Available records -
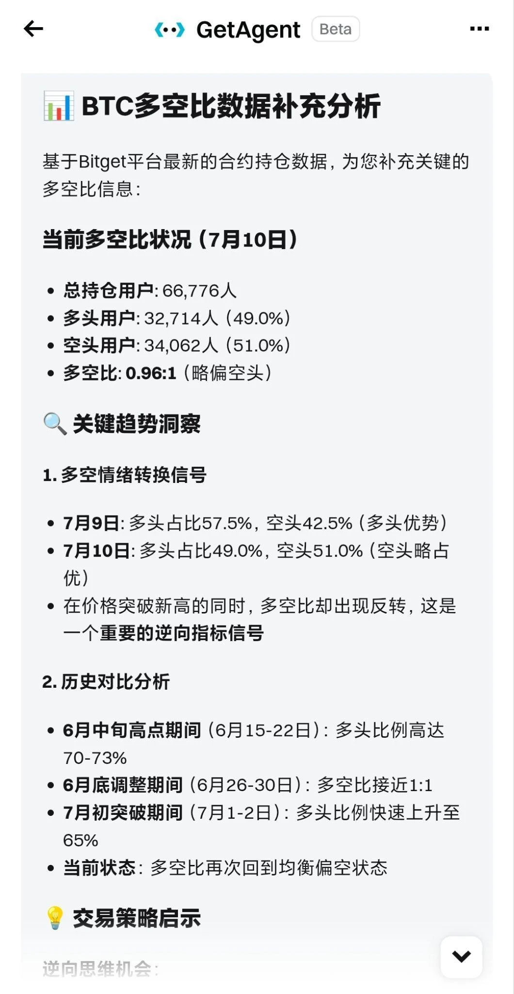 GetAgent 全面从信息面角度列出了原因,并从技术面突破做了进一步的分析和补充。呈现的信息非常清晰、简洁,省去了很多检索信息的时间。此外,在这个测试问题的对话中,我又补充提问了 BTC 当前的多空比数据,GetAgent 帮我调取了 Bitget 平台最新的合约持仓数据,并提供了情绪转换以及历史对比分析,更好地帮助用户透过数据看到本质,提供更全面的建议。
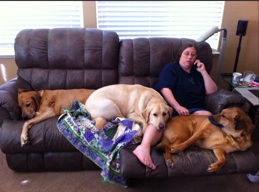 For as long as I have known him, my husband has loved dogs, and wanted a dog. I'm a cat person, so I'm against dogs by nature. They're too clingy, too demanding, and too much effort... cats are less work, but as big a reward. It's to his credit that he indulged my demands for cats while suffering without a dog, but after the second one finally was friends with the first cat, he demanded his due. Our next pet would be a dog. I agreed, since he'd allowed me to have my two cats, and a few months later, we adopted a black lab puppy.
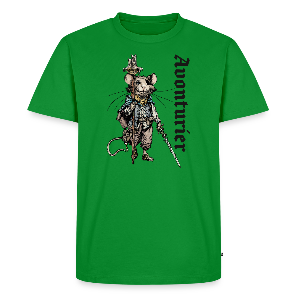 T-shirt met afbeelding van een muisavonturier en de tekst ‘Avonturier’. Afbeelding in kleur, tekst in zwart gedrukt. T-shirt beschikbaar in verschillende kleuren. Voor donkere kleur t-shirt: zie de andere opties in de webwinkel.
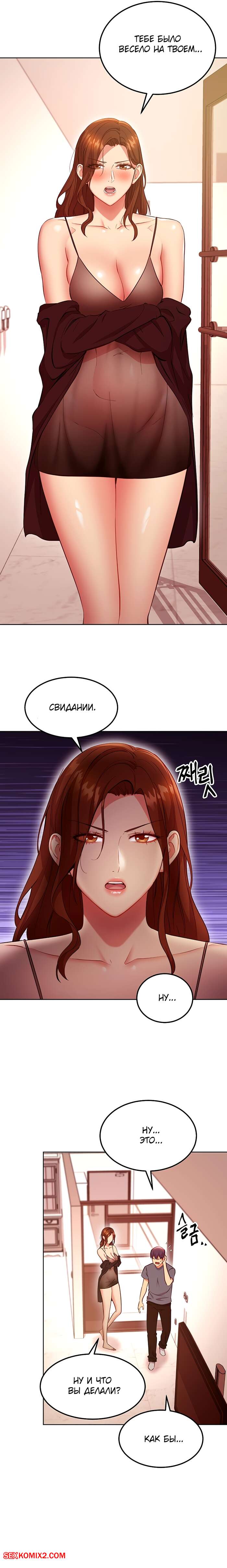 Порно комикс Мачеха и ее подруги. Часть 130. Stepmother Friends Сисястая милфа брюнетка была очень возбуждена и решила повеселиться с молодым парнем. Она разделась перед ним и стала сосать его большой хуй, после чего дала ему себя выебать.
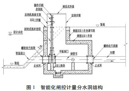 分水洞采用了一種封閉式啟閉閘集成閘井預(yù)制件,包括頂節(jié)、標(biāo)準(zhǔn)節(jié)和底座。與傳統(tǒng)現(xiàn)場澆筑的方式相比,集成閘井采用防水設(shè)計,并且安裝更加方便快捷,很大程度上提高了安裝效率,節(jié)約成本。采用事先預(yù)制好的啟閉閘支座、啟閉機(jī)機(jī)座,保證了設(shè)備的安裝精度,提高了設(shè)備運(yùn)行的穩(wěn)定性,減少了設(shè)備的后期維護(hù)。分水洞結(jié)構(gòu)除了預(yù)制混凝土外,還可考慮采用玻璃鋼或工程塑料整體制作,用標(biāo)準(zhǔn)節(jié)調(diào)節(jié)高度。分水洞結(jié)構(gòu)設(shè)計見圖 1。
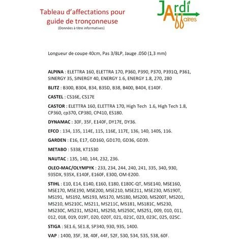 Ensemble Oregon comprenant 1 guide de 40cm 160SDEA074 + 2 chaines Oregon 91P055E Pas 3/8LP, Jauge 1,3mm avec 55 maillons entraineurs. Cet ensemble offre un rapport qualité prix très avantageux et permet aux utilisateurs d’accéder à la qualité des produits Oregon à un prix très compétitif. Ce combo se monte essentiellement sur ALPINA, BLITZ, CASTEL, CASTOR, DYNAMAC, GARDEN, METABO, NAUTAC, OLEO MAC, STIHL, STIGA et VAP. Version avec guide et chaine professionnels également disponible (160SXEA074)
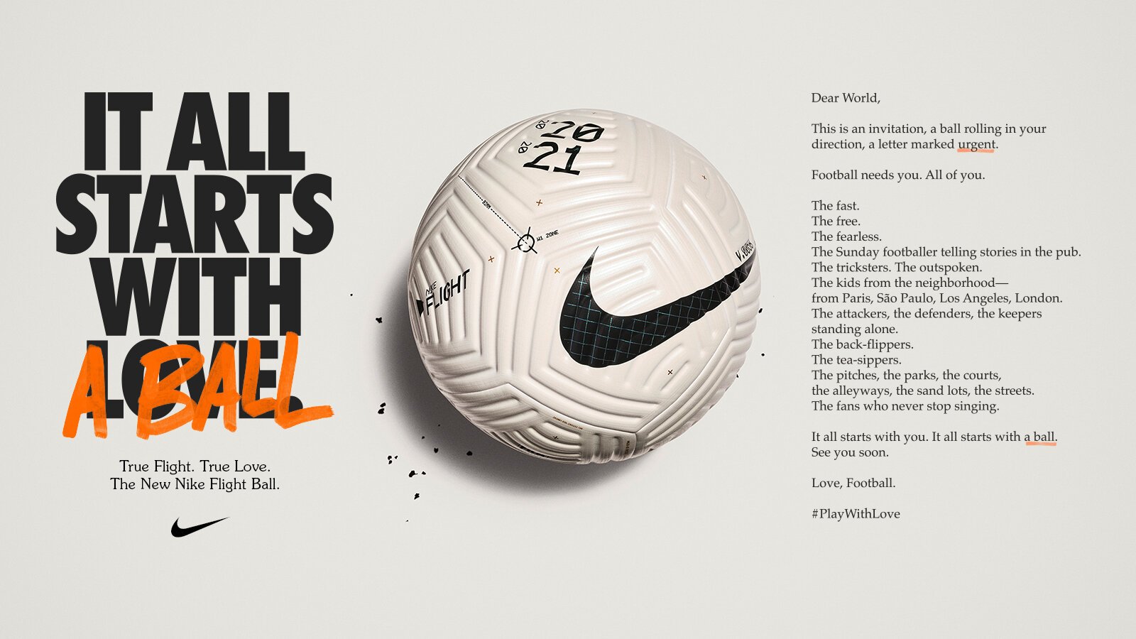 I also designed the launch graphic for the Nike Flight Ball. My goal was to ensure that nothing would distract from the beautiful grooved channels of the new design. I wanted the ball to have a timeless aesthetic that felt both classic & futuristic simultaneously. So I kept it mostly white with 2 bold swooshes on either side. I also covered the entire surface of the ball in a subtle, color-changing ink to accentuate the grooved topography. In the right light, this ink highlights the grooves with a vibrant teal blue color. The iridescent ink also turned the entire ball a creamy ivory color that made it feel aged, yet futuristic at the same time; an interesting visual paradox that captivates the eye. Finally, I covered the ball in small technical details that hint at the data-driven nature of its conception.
...
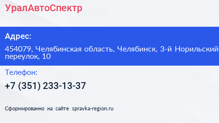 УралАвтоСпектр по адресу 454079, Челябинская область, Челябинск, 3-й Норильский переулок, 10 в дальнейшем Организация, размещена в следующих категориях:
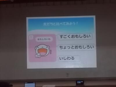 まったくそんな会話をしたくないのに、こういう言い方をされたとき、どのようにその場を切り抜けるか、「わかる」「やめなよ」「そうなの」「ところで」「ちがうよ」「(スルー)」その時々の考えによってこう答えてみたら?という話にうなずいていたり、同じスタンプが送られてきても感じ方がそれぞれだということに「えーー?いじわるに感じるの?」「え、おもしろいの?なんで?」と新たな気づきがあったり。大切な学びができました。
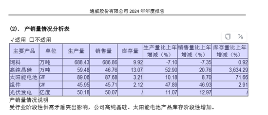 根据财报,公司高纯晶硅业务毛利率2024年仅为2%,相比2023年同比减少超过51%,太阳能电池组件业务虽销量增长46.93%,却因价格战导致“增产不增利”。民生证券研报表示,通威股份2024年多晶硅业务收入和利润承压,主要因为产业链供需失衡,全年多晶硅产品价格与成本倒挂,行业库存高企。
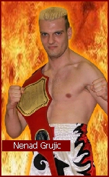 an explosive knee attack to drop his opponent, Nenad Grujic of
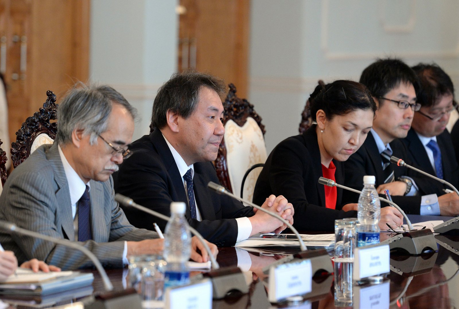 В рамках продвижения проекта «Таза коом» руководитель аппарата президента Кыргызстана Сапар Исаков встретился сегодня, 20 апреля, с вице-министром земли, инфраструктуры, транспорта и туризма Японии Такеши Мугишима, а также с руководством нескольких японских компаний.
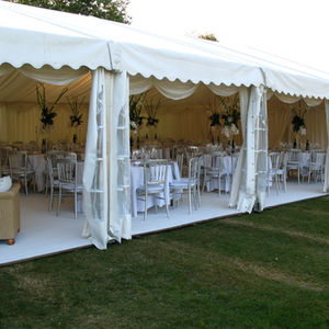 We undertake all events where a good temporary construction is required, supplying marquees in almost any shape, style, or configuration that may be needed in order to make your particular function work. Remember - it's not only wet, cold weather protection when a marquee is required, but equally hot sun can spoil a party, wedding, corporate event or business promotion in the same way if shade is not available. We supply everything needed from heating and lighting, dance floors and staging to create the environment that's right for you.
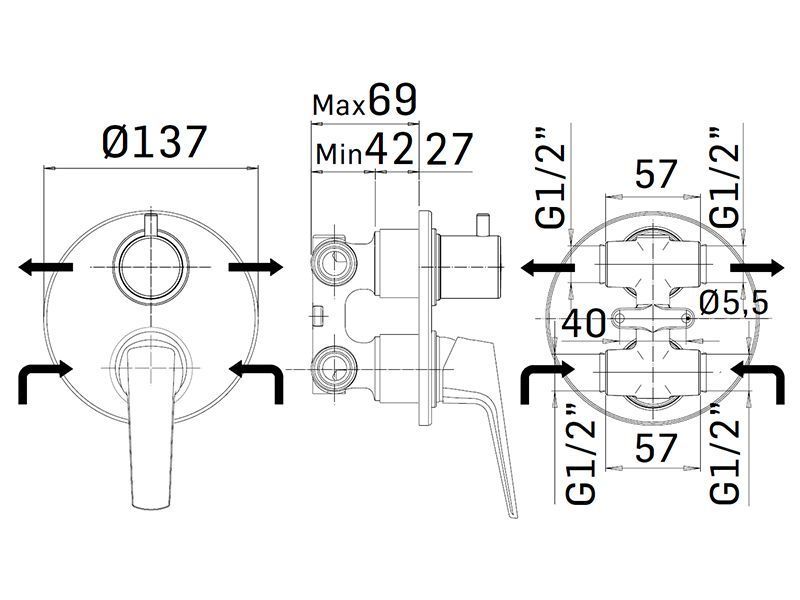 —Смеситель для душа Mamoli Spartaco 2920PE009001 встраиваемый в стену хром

What to produce - Copy word for word the lines above, starting at the line containing "BTC 当前的多空比数据,GetAgent 帮我调取了" and ending at the line containing "For as long", inclusive, with no pictures.

Output for this exercise -
 GetAgent 全面从信息面角度列出了原因,并从技术面突破做了进一步的分析和补充。呈现的信息非常清晰、简洁,省去了很多检索信息的时间。此外,在这个测试问题的对话中,我又补充提问了 BTC 当前的多空比数据,GetAgent 帮我调取了 Bitget 平台最新的合约持仓数据,并提供了情绪转换以及历史对比分析,更好地帮助用户透过数据看到本质,提供更全面的建议。
 For as long as I have known him, my husband has loved dogs, and wanted a dog. I'm a cat person, so I'm against dogs by nature. They're too clingy, too demanding, and too much effort... cats are less work, but as big a reward. It's to his credit that he indulged my demands for cats while suffering without a dog, but after the second one finally was friends with the first cat, he demanded his due. Our next pet would be a dog. I agreed, since he'd allowed me to have my two cats, and a few months later, we adopted a black lab puppy.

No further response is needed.